Crevel would have liked to sink through the floor to the cellar, vanish through a trapdoor, as the trick is worked on the stage.

‘Get up, my dear Crevel,' said Marneffe, grinning. ‘You look quite ridiculous. I can see from Valérie's expression that I'm in no danger.'

‘Go to bed, and sleep well,' said Madame Marneffe.

‘How quick-witted she is!' thought Crevel. ‘She is adorable! She has saved my life!'

When Marneffe had gone back to his room, the Mayor took Valérie's hands in his and kissed them, leaving traces of tears there as he raised his head.

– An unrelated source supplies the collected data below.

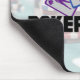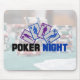 A mouse pad with poker night typography. Background with a faint image with poker chips and playing cards on a green gaming table. Layered over top is a set of 4 cards with boy and girl silhouettes.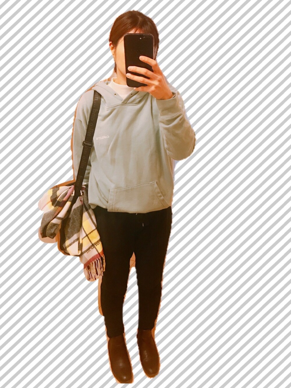 セージグリーンカラーの スウェット💕 優しい色ですきです スウェット×スウェットでも ゆるすぎないよーに 首もとは白でしめます👯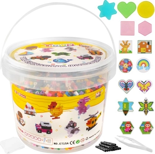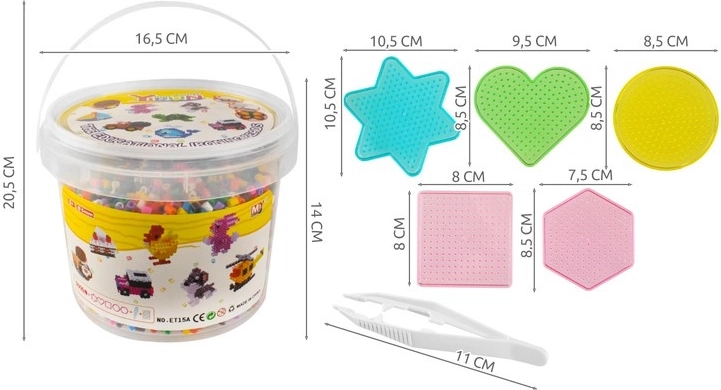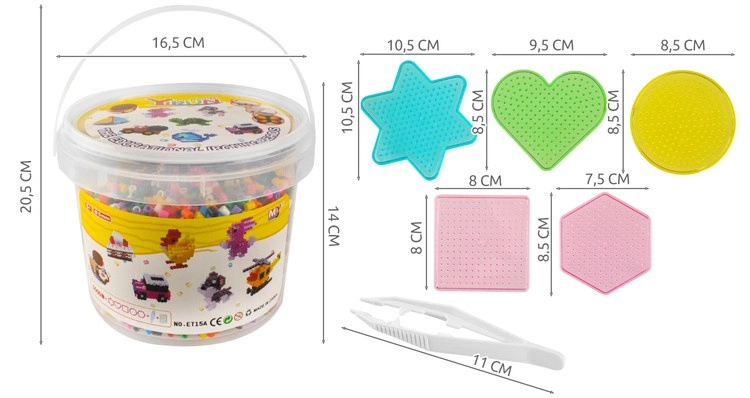 - Conținutul pachetului: 5000x mărgele, 5x suprafață de joc, 1x clește pentru mărgele, 1x recipient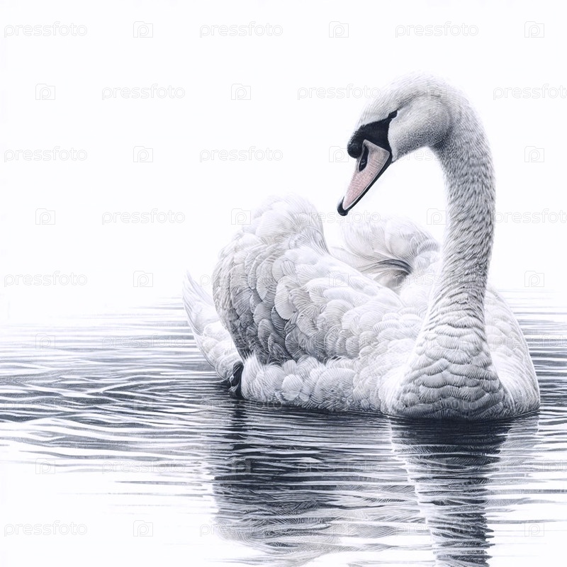 A serene swan ink drawing art print, Ai generated image (Серенный лебедь чернила рисование арт-принт, созданное изображением)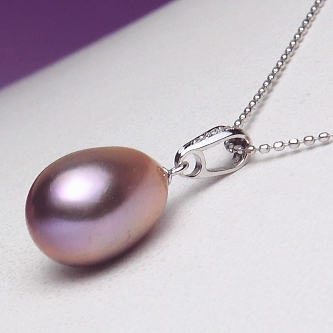 K18WG淡水真珠ダイヤ入りペンダント(パープルカラー/9ミリ/長さ調節可能なK18WG製チェーン付き)【古希・喜寿のお祝いにもおすすめ】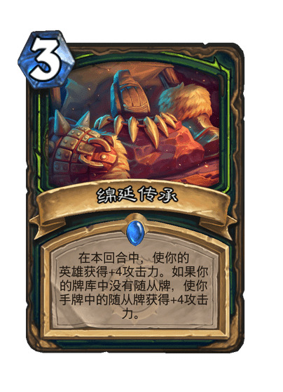 在本回合中,使你的英雄获得+4攻击力。如果你的牌库中没有随从牌,使你手牌中的随从牌获得+4攻击力。【以此为准,发布者错了,不是一张】
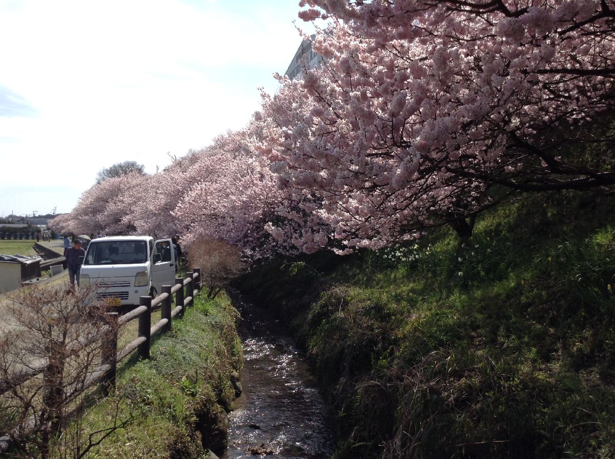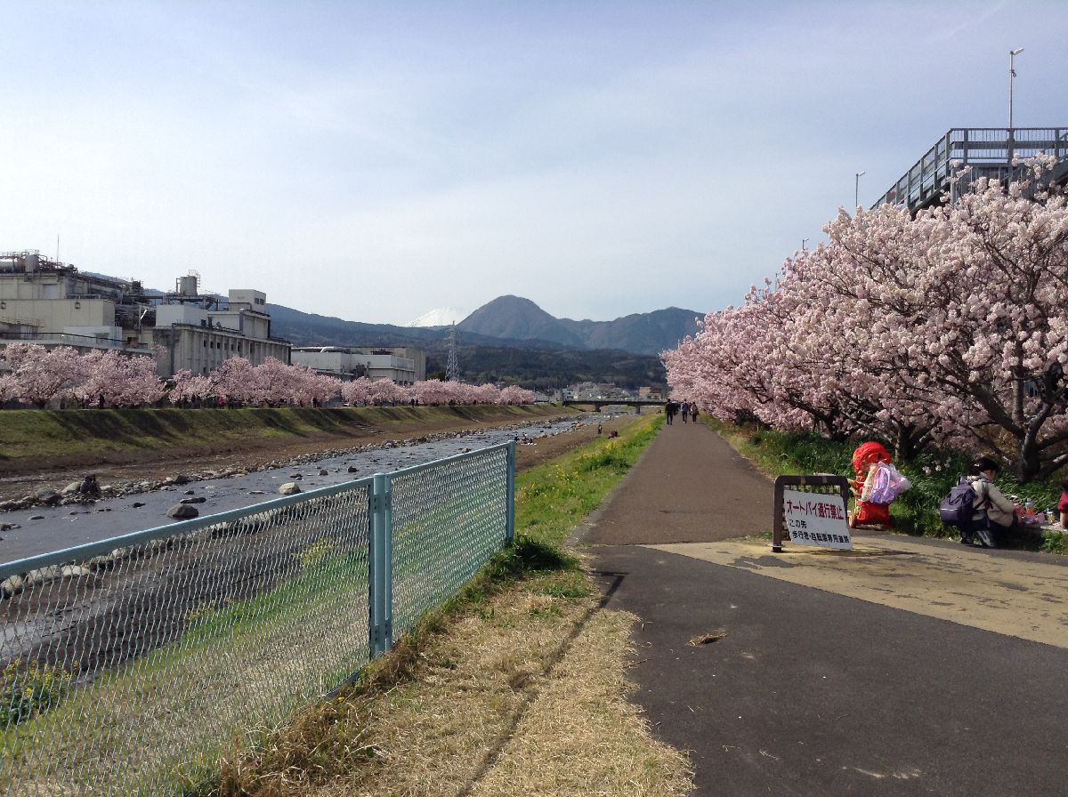 松田町(松田ハーブガーデン)の河津桜まつりが終わるとハーブガーデンの眼下を流れる酒匂川対岸の南足柄市は、「春めき桜」の見ごろをむかえています。

‘Everything in your own name!' he said.

‘That is the way to love,' she murmured in his ear. ‘Well, love for love. Hulot is below, in the street. The poor old fellow is waiting, hoping to come up when I place a candle at one of my bedroom windows. I give you permission to tell him that you are the only man I love. He will never dream of believing you, so take him to the rue du Dauphin, give him proofs, sink him without trace. I allow you – no, I command you to do it. That great walrus bores me, bores me to extinction. Keep your man close in the rue du Dauphin for the whole night, roast him over a slow fire, take your revenge for Josépha's carrying off. It will perhaps be the death of Hulot, but we shall be saving his wife and children from utter ruin. You know that Madame Hulot is working for her living?…'

‘Oh, poor lady! Upon my word, that's dreadful!' exclaimed Crevel, his native good nature reviving.

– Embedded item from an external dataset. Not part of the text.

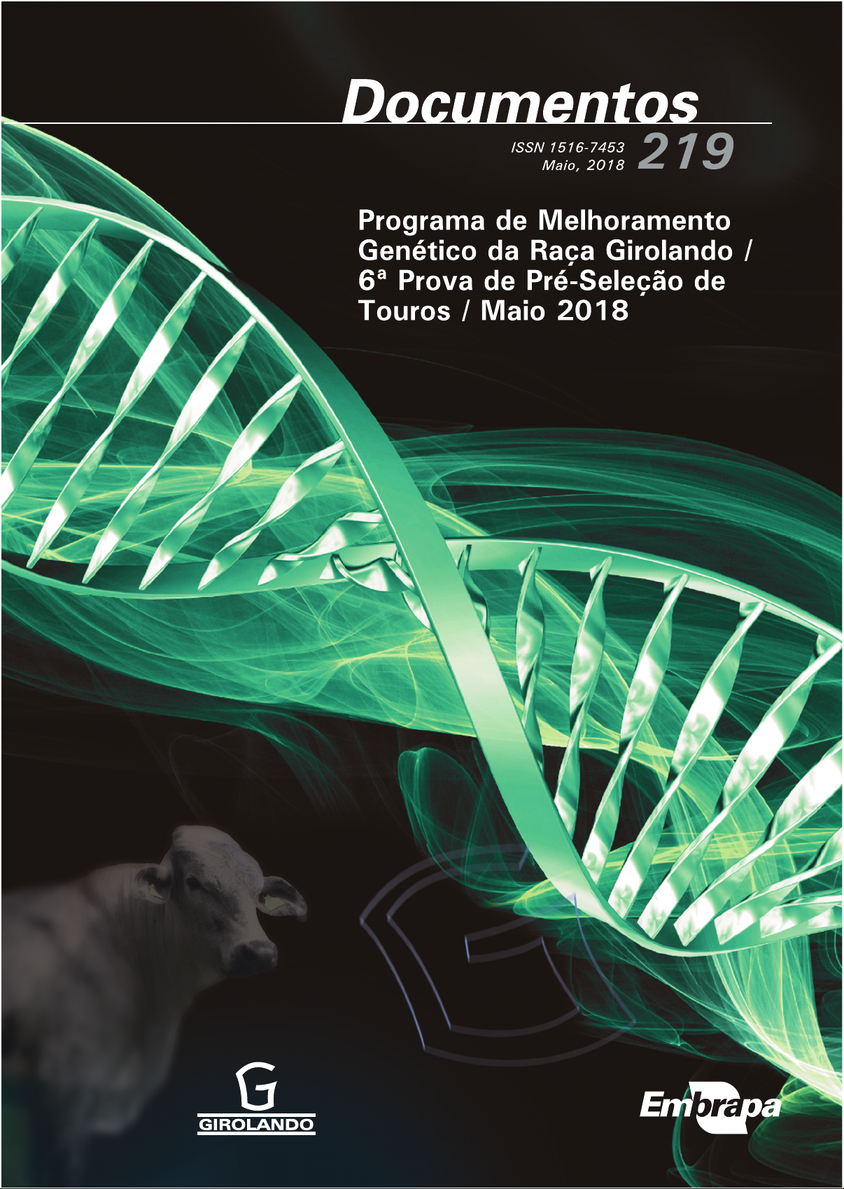 Empresa Brasileira de Pesquisa Agropecuária Embrapa Gado de Leite Ministério da Agricultura, Pecuária e Abastecimento Associação Brasileira dos Criadores de Girolando Embrapa Gado de Leite Juiz de Fora, MG 2018 Programa de Melhoramento Genético da Raça Girolando 6ª Prova de Pré-Seleção de Touros Maio 2018 Marcello de Aguiar Rodrigues Cembranelli Gustavo Sousa Gonçalves Leandro de Carvalho Paiva Marcos Vinicius Gualberto Barbosa da Silva Marta Fonseca Martins João Cláudio do Carmo Panetto Edivaldo Ferreira Junior Mariana Magalhães Campos Marco Antonio Machado Daniele Ribeiro de Lima Reis Faza Editores Técnicos DOCUMENTOS 219 ISSN 1516-7453 Maio/2018 Exemplares desta publicação podem ser adquiridos na: Embrapa Gado de Leite Rua Eugênio do Nascimento, 610 – Bairro Dom Bosco 36038-330 – Juiz de Fora, MG Fone: (32) 3311-7400 Fax: (32) 3311-7401 www.embrapa.br www.embrapa.br/fale-conosco/sac Associação Brasileira dos Criadores de Girolando Rua Orlando Vieira do Nascimento, 74 – Vila São Cristóvão 38040-280 – Uberaba, MG Fone:(34) 3331-6000 www.girolando.com.br girolando@girolando.com.br Todos os direitos reservados. A reprodução não autorizada desta publicação, no todo ou em parte, constitui violação dos direitos autorais (Lei nº 9.610). Dados Internacionais de Catalogação na Publicação (CIP) Embrapa Gado de Leite © Embrapa, 2018 Programa de Melhoramento Genético da Raça Girolando – 6ª Prova de Pré-Seleção de Touros – Maio 2018 / Marcello de Aguiar Rodrigues Cembranelli... [et al.]. Juiz de Fora : Embrapa Gado de Leite. 36 p. (Embrapa Gado de Leite. Documentos, 219). ISSN 1516-7453 1. Raça Girolando. 2. Melhoramento animal. 4. Teste de progênie. I. Cembranelli, Marcello de Aguiar Rodrigues. II. Gonçalves, Gustavo Sousa, III. Paiva, Leandro de Carvalho. IV. Silva, Marcos Vinícius Gualberto Barbosa da. V. Martins, Marta Fonseca. VI. Panetto, João Cláudio do Carmo. VII. Ferreira Junior, Edivaldo. VIII. Costa, Mateus José Rodrigues Paranhos da. IX. Silva, Lívia Carolina Magalhães. X. Carvalhal, Monique Valéria de Lima. XI. Sant’Anna, Aline Cristina. XII. Campos, Mariana Magalhães. XIII. Machado, Marco Antonio. XIV. Faza, Daniele Ribeiro de Lima Reis. XV. Guimarães, José Domingos. XVI. Guimarães, Simone Eliza Facioni. XVII. Série. CDD 636.082.2 Comitê Local de Publicações da Unidade Responsável Presidente Pedro Braga Arcuri Secretário-Executivo Inês Maria Rodrigues Membros Jackson Silva e Oliveira, Leônidas Paixão Passos, Alexander Machado Auad, Fernando César Ferraz Lopes, Francisco José da Silva Lédo, Pérsio Sandir D´Oliveira, Fábio Homero Diniz, Frank Angelo Tomita Bruneli, Nívea Maria Vicentini, Letícia Caldas Mendonça, Rita de Cássia Bastos de Souza, Rita de Cássia Palmyra da Costa Pinto, Virgínia de Souza Columbiano Barbosa Supervisão editorial Marta Fonseca Martins Normalização bibliográfica Inês Maria Rodrigues Tratamento das ilustrações e editoração eletrônica Carolina Rodrigues Pereira e Carlos Alberto Medeiros de Moura Projeto gráfico da coleção Carlos Eduardo Felice Barbeiro Arte da capa Criar Propaganda 1ª edição 1ª impressão (2018): 500 Autores Marcello de Aguiar Rodrigues Cembranelli Médico Veterinário, mestre em Ciência Animal, Coordenador Operacional do PMGG, Associação Brasileira dos Criadores de Girolando, Uberaba, MG Gustavo Sousa Gonçalves Zootecnista, técnico da Associação Brasileira dos Criadores de Girolando, Uberaba, MG Leandro de Carvalho Paiva Zootecnista, Superintendente Técnico da Associação Brasileira dos Criadores de Girolando, Uberaba, MG Marcos Vinícius Gualberto Barbosa da Silva Zootecnista, doutor em Genética e Melhoramento, pesquisador da Embrapa Gado de Leite, Juiz de Fora, MG Marta Fonseca Martins Bióloga, doutora em Genética e Melhoramento, pesquisadora da Embrapa Gado de Leite, Juiz de Fora, MG João Cláudio do Carmo Panetto Zootecnista, doutor em ciências biológicas (genética), pesquisador da Embrapa Gado de Leite, Juiz de Fora, MG Edivaldo Ferreira Junior Graduando em Zootecnia, técnico da Associação Brasileira dos Criadores de Girolando, Uberaba, MG Mateus José Rodrigues Paranhos da Costa Zootecnista, doutor em Psicobiologia, professor da Universidade Estadual Paulista Júlio de Mesquita Filho, Jaboticabal, SP Lívia Carolina Magalhães Silva Zootecnista, doutora em Zootecnia, bolsista de pós-doutorado Universidade Estadual Paulista Júlio de Mesquita Filho, Jaboticabal, SP Monique Valéria de Lima Carvalhal Zootecnista, doutora em Zootecnia, Universidade Estadual Paulista Júlio de Mesquita Filho, Jaboticabal, SP Aline Cristina Sant’Anna Bióloga, doutora em Genética e Melhoramento Animal, professora da Universidade Federal de Juiz de Fora, Juiz de Fora, MG Mariana Magalhães Campos Médica Veterinária, doutora em Zootecnia, pesquisadora da Embrapa Gado de Leite, Juiz de Fora, MG Marco Antonio Machado Engenheiro Agrônomo, doutor em Genética e Melhoramento, pesquisador da Embrapa Gado de Leite, Juiz de Fora, MG Daniele Ribeiro de Lima Reis Faza Farmacêutica e bioquímica, analista da Embrapa Gado de Leite, Juiz de Fora, MG José Domingos Guimarães Médico Veterinário, doutor em Reprodução Animal, professora da Universidade Federal de Viçosa, Viçosa, MG Simone Eliza Facioni Guimarães Médica Veterinária, doutora em Genética e Melhoramento Animal, professora da Universidade Federal de Viçosa, Viçosa, MG Apresentação Em 2013, a Associação Brasileira dos Criadores de Girolando – Girolando, a Embrapa e o Instituto Federal de Educação, Ciência e Tecnologia do Triângulo Mineiro – IFTM estabeleceram uma parceria com o objetivo de selecionar os melhores reprodutores antes de serem incluídos no Teste de Progênie. Até agora, já foram realizadas seis Provas de Pré-Seleção de Touros para o Teste de Progênie da Raça Girolando. Essa estratégia mostrou-se acertada, uma vez que já vem trazendo result

‘If you love me, Célestin,' she said in a whisper, lightly touching Crevel's ear with her lips as she spoke, ‘keep him away, or I am lost. Marneffe is suspicious, and Hector has the key of the carriage entrance door and means to come back!'

Crevel clasped Madame Marneffe in his arms, and left, walking on air. Valérie accompanied him fondly as far as the landing, and then like a woman magnetically attracted, unable to break free, followed him to the first floor, and on to the foot of the staircase.

‘My own Valérie, go upstairs again! Don't compromise yourself in the porters' eyes.… Go back, my life and my wealth, everything is for you.… Go back, my duchess!'

‘Madame Olivier!' called Valérie softly when the door had closed behind him.

‘Why, Madame! You here?' said Madame Olivier, in surprise.

‘Bolt the big door top and bottom, and don't open it again.'

‘Very well, Madame.'

When the door was bolted, Madame Olivier told the story of how the high official had stooped to trying to bribe her.